But in this way Aaron shall come into the Holy Place: with a bull from the herd for a sin offering and a ram for a burnt offering. Leviticus 16:3
Most of my worst life trials have been my fault. You’d think that in my self-inflicted misery that I’d have gone to God with humility, submitting to his guidance. In my addiction though, I was so self-centered that I became frustrated with God for not doing things my way. I wanted him to simply deliver me from my addiction, magically removing it with no sacrifice on my part. When he didn’t remove my addiction the way I wanted, and when my life fell apart, I was angry with God. This is your fault. Through the painful consequences of my addiction however, God taught me to seek and follow his way instead of mine. This is still a daily struggle though. Life’s trials aren’t over now that I’m in recovery. When tough times come, particularly when I don’t see that I’ve done anything to cause the trial, I’m once again tempted to be angry with God.
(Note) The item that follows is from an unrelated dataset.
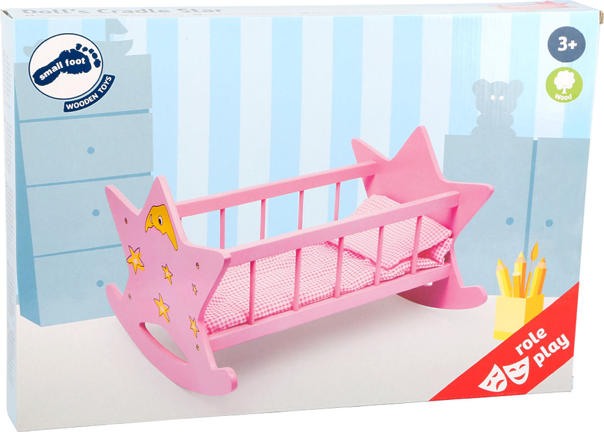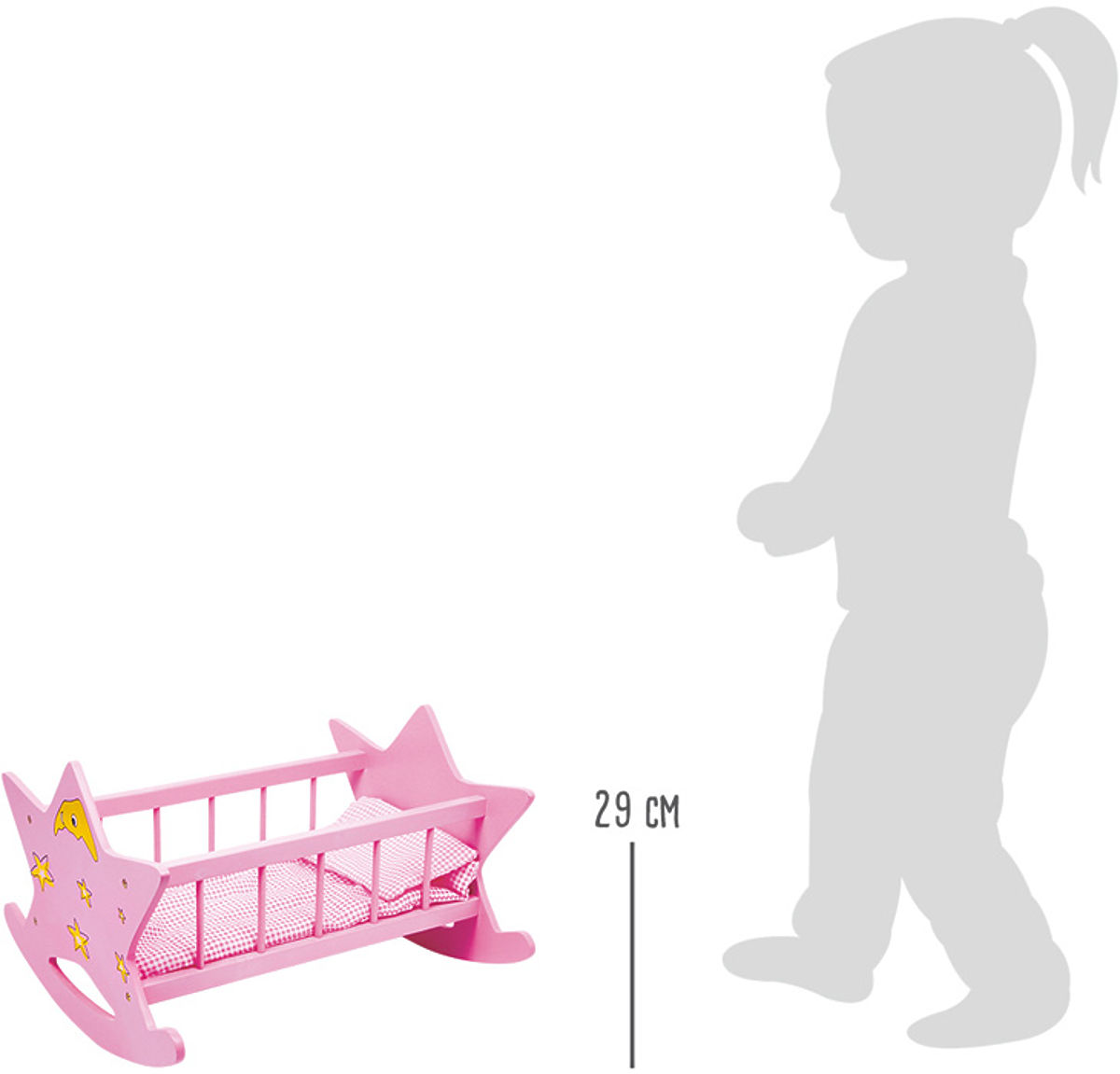 Pozor všichni pozorovatelé hvězd. S touto skvělou kolébkou pro panenky z robustního dřeva se děti s panenkami houpají do svých snů. Přední a zadní část kolébky má design hvězdné oblohy. Hlavní vlastnosti: podporuje aktivní hraní a trénuje sociální dovednosti stabilní konstrukce, kvalitní zpracovánívhodná pro školky

Why would you allow this to happen? You’re not doing your job very well. When I take time to think about it though, I remember the lesson of my addiction – that I must always humbly submit my will to God’s will, even in the trials.
To me, this is the lesson of today’s passage. In it, God instructed Aaron on how to approach God after the death of his two sons. Aaron’s sons, you may recall, had been killed by God for entering his presence inappropriately, perhaps while drunk. God said that Aaron must now approach him with humility, offering a sacrifice for his and his family’s sins. Aaron, I think, may have been tempted to be angry with God for striking his sons dead. God instructed Moses though, to warn Aaron that he must be careful in his posture towards God. Tell Aaron your brother not to come at any time into the Holy Place inside the veil, before the mercy seat that is on the ark, so that he may not die (Leviticus 16:2).
Life rarely goes as planned. Loved ones get sick. Our children struggle. Life threatens to overwhelm us. In those struggles, we’re sometimes tempted to go to God in anger. Why would you do this to me? We just don’t understand how God, if he truly loves us, could allow something so terrible to happen. It’s not wrong to go to God, asking why. We can and should seek him and his will. We should also remember the lesson of Aaron though – that it’s always best to approach God in humble submission to his will. What is it you want me to learn and do here God?